→ INSTRUCTIONS TO FOLLOW
Reproduce exactly, and solely, the lines running from the top of the data below through the line with "전자(세금)계산서ㆍ현금영수증ㆍ신용카드 > 현금영수증(매입·지출증빙)", both inclusive. Omit pictures.

→ GIVEN ENTRIES
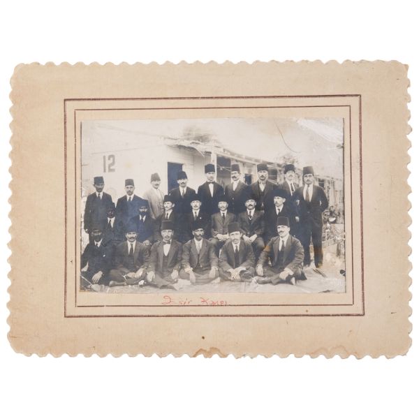 Fotoğrafın altında şahısların imzası ve "Muhterem Kardeşimiz Sıtkı Bey´e" ithafı yer almaktadır.
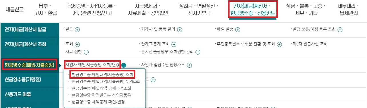 전자(세금)계산서ㆍ현금영수증ㆍ신용카드 > 현금영수증(매입·지출증빙) > 사업자 매입·지출증빙 조회/변경 > 현금영수증 매입내역(지출증빙) 조회 메뉴에서 일별/주별/월별/분기별로 구분하여 조회할 수 있습니다.
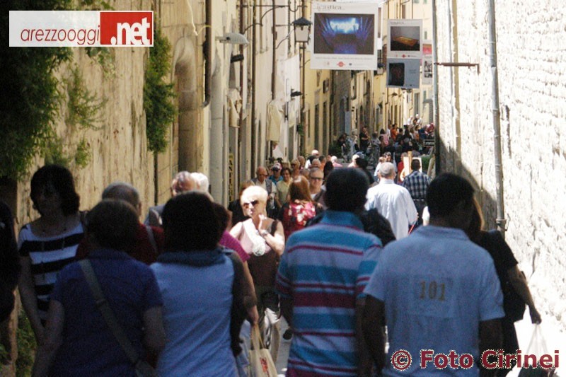 Pittori lungo il ciglio della strada, con in testa la coppola, un pò inclinata che fa tanto bohemien. Trampolieri, esibizioni musicali in strada, tra le atmosfere del circo, del teatro e di un atelier d’arte e moda. Le note di canzoni francesi che risuonano tra gli antichi palazzi. Spettacoli di magia e, dalla trasmissione “Italia’s got talent”, lo straordinario mimo non udente Stefano Orselli. Fino al 1° settembre la mostra fotografica dedicata alle opere di “Icastica”. Angoli dove bere o fare uno spuntino e romantici negozi di abiti, libri e gioielli, fiori e trouvailles. No, non siamo a Parigi, ma esattamente in via Madonna del Prato, che in questa calda domenica di fine giugno è stata trasformata in una piccola Montmartre con la manifestazione "Una strada per l'arte". Un’iniziativa, organizzata da Confcommercio con il patrocinio del Comune di Arezzo e il coinvolgimento di tutti gli operatori economici, che già dalle prime ore della mattinata ha registrato un boom di presenze. Infatti sono stati accontentati sia i grandi che i piccini, quest’ultimi coinvolti in attività ludiche e nel truccabimbi. Insomma l’idea è stata vincente, non c’è alcun dubbio. Le iniziative che animano le strade della città stanno prendendo sempre più capo. Perchè è sempre maggiore la voglie di stare insieme, di condividere spazi, opinioni, divertimento. In effetti il sapore della comunità, del sedersi allo stesso tavolo, di essere coinvolti insieme agli altri negli ultimi anni era andato perduto. E si parlava di città, comprese Arezzo, morte, noiose. Ebbene, quello realizzato anche oggi in via Madonna del Prato è l’ennesima dimostrazione che Arezzo è una città vitale, basta trovare il modo giusto di stimolarla. E se questa è la formula per attirare turisti ed aretini ben venga. Perchè fa bene al commercio, al buon nome della città ed anche allo spirito di chi partecipa e chi organizza.
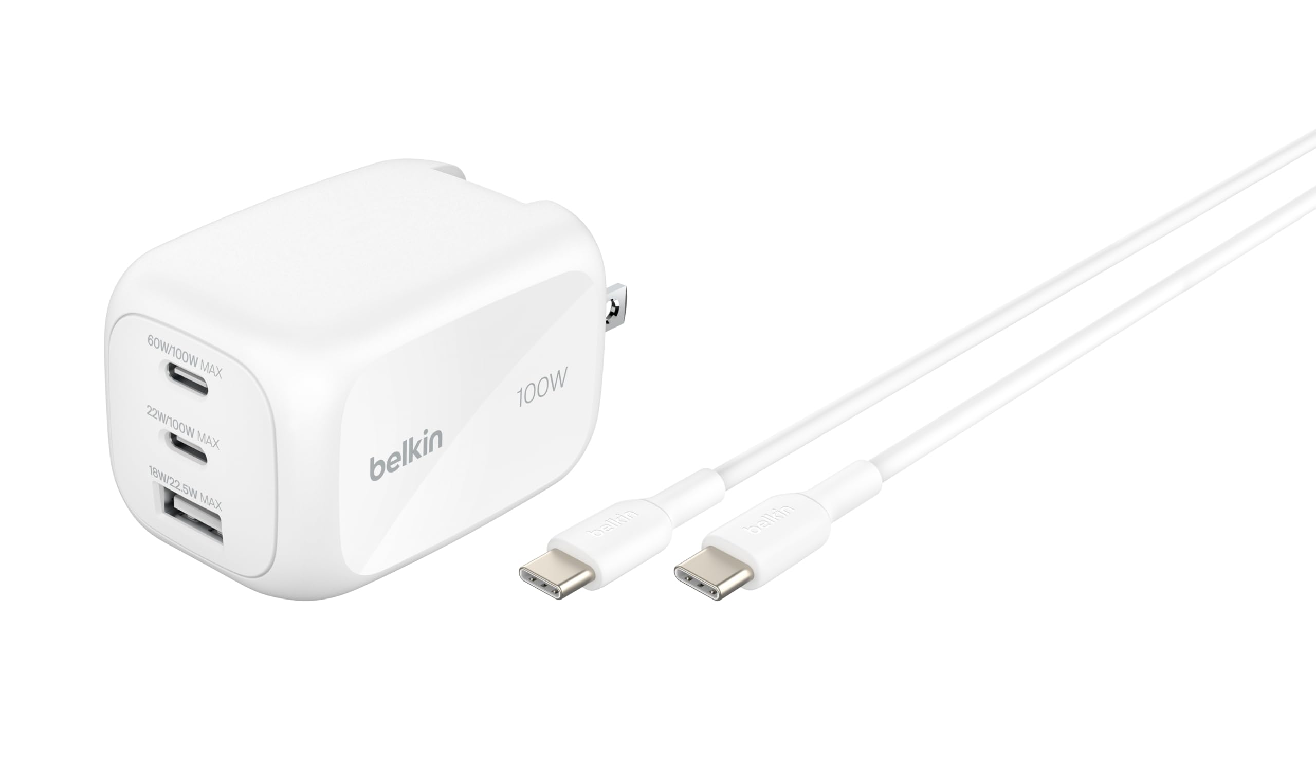 Belkin Boost Charge Pro 100W 急速充電器 USB-C type-c タイプ c PD 3.1×2 USB-A×1 iPhone 17,16~12対応 高速充電対応 PPS対応 iPad対応/iPhone対応/Android対応 タブレット各種対応 旅行や出張に最適 折りたたみプラグ PSE認証 USB-C to C 2mコード付 ホワイト WCH016qc2MWH-B6
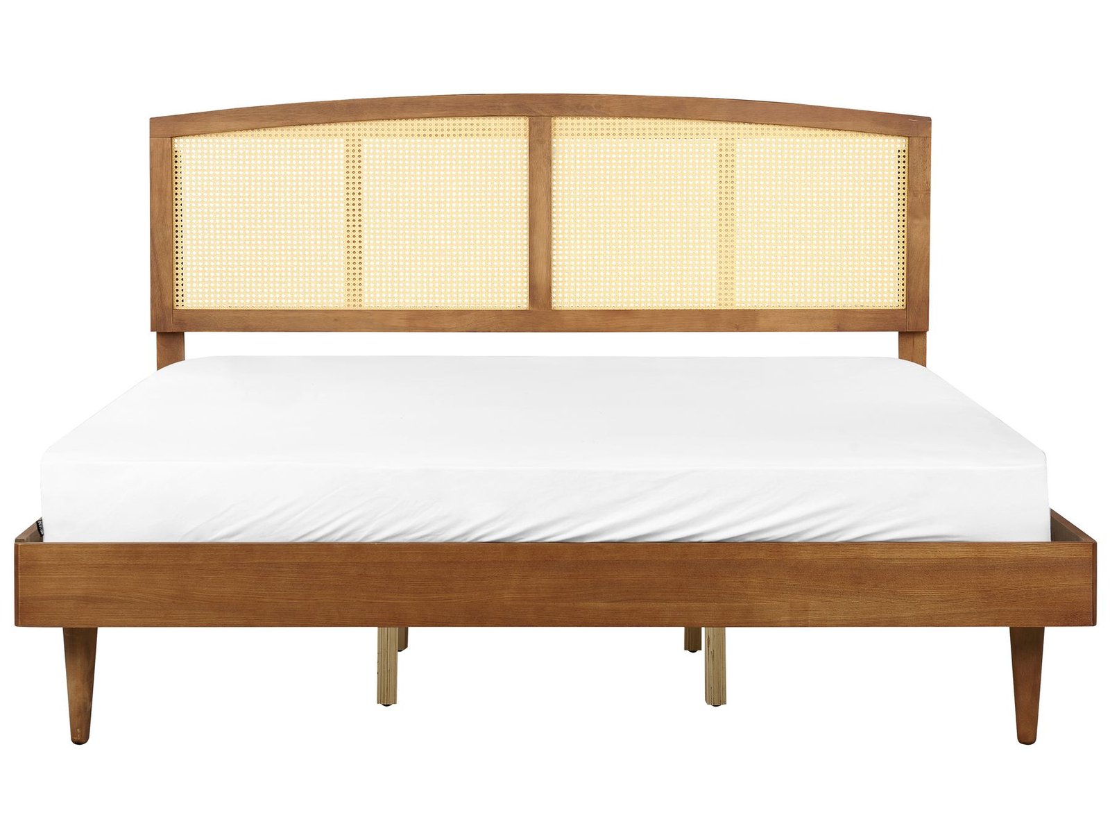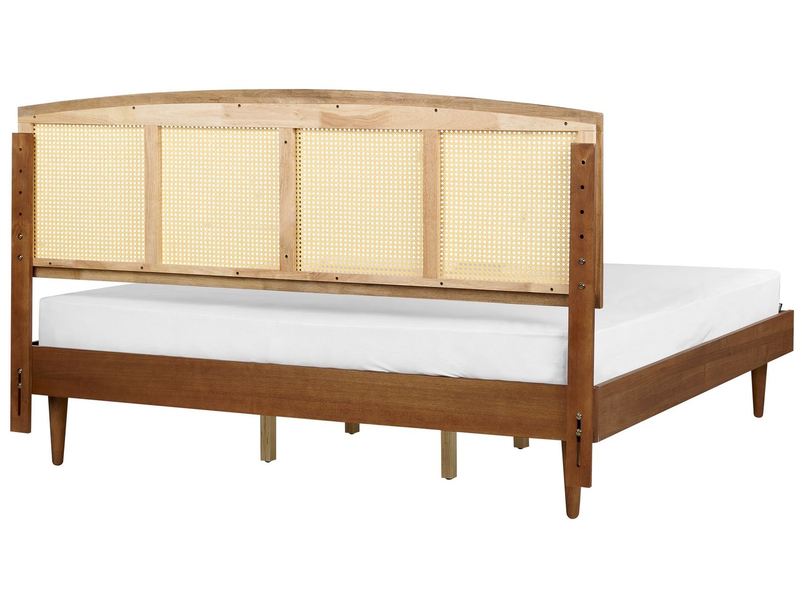 This bed frame is going to guarantee you a good night sleep, while also refreshing the look of your bedroom. Crafted out of high-quality rubberwood, the bed is very durable, sturdy and low maintenance. It comes with an attention drawing headboard, adorned with a Viennese braid pattern. What is more, the headboard is adjustable, so you can quickly change its height. Due to included LED stripes, you can illuminate your bedroom with a strong glow.
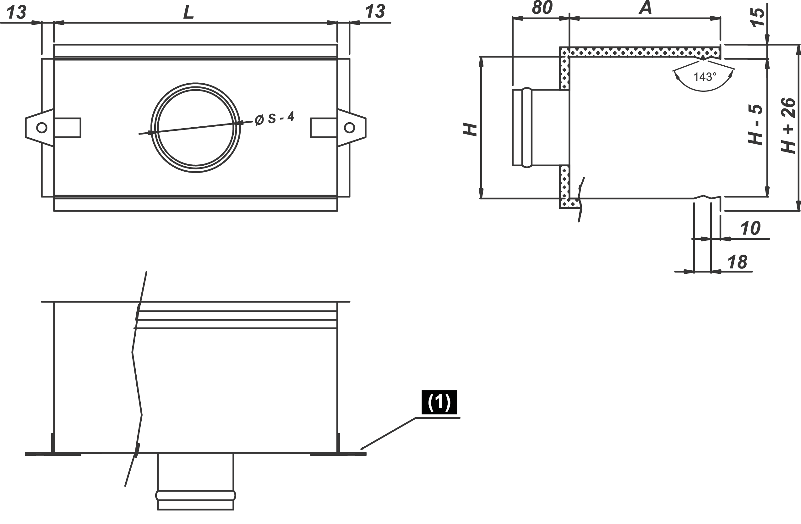 Plenum con conexión lateral en chapa de acero galvanizado, con o sin aislamiento
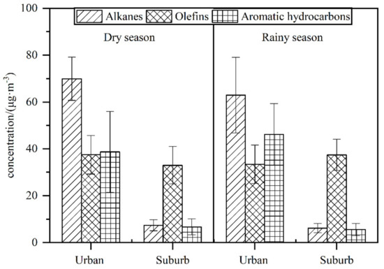 During the sampling period, 58 VOC compounds (alkanes, olefins, and aromatic hydrocarbons) were detected in the atmosphere at the urban and suburban monitoring sites in Jinghong, and a total of 48 VOC species were detected. As shown in Table 1, the total concentration of VOCs was (144.34 ± 36.15) µg·m−3 at the urban sampling site, which was much higher than at the suburban sampling site (48.21 ± 12.55 µg·m−3). Compared with the suburban sampling site, the urban sampling site in Jinghong was closer to various anthropogenic emission sources, which are susceptible to factors such as the emission of VOC sources of human activities. These emission sources have the characteristics of continuity, concentration, and high concentration, which make the concentration of VOCs in urban areas highly accumulated. As shown in Figure 2, in the dry season, the concentrations of alkanes, olefins, aromatic hydrocarbons, and TVOCs in the urban areas of Jinghong were (69.94 ± 9.25) µg·m−3, (37.53 ± 8.22) µg·m−3, (38.72 ± 17.32) µg·m−3, and 146.19 µg·m−3, respectively, with those in the suburban areas were (7.40 ± 2.34) µg·m−3, (32.22 ± 7.99) µg·m−3, (6.74 ± 3.43) µg·m−3, and TVOCs 47.15 µg·m−3, respectively. During the rainy season, the concentrations of alkanes, olefins, aromatic hydrocarbons, and TVOCs in urban areas were (62.93 ± 16.13) µg·m−3, (33.44 ± 8.22) µg·m−3, (46.13 ± 13.17) µg·m−3, and 142.5 µg·m−3, respectively, and those in suburban areas were (6.21 ± 1.99) µg·m−3, (37.48 ± 6.69) µg·m−3, (5.58 ± 2.65) µg·m−3, and 49.27 µg·m−3, respectively. The VOC groups at the urban sampling site were mainly alkanes, while the VOC groups at the suburban sampling site were mainly olefins. A nonparametric test (one-way analysis of variance, 95% confidence level) showed there were no significant differences in VOCs concentration and species composition between the dry season and rainy season (p > 0.05). The concentration of aromatic hydrocarbon groups in the urban sampling site was higher than that in the dry season, which may be related to the increase in benzene emissions due to the cooling of motor vehicle air conditioning and cooling in the rainy season.
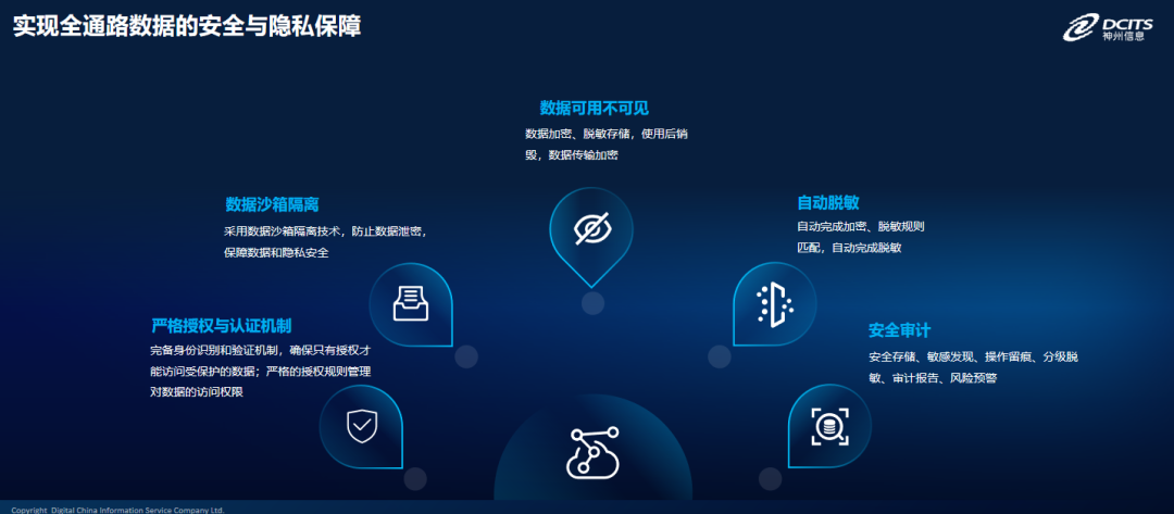 五是,给予安全存储、敏感发现、操作留痕、分级脱敏、审计报告、风险预警等安全审计。
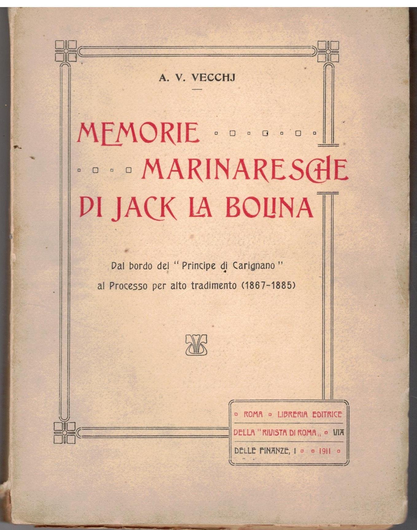 Memorie marinaresche di Jack La Bolina. Dal bordo del "Principe di Carignano" al Processo per alto tradimento (1867-1885) do A. V. Vecchj. Roma, Libreria Editrice della "Rivista di Roma", 1911.
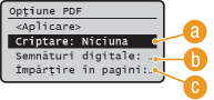 * Unele elemente sunt disponibile numai când este activată funcţia opţională Set de funcţii de securitate la trimiterea fişierelor PDF.
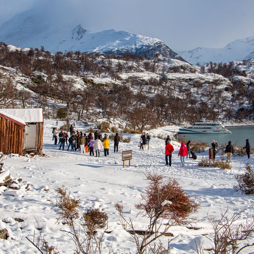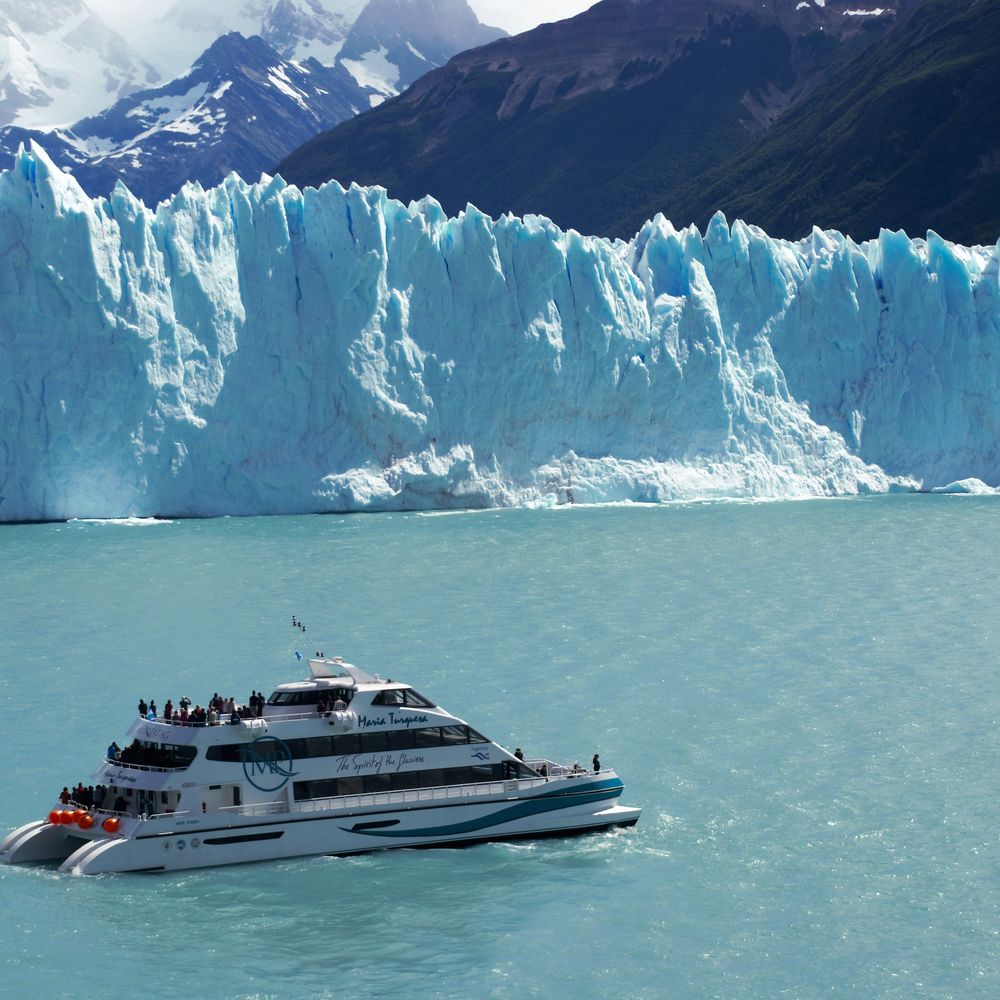 An unique gourmet experience: In this tourwe will board the cruise ship at Puerto La Soledad at 9:00 am, and sail to the Spegazzini Glacier where we'll enjoy lunch. We will disembark at Vacas Port for a walk and finally return to Calafate Town at 6:00 pm.

→ THE ANSWER
 Fotoğrafın altında şahısların imzası ve "Muhterem Kardeşimiz Sıtkı Bey´e" ithafı yer almaktadır.
 전자(세금)계산서ㆍ현금영수증ㆍ신용카드 > 현금영수증(매입·지출증빙) > 사업자 매입·지출증빙 조회/변경 > 현금영수증 매입내역(지출증빙) 조회 메뉴에서 일별/주별/월별/분기별로 구분하여 조회할 수 있습니다.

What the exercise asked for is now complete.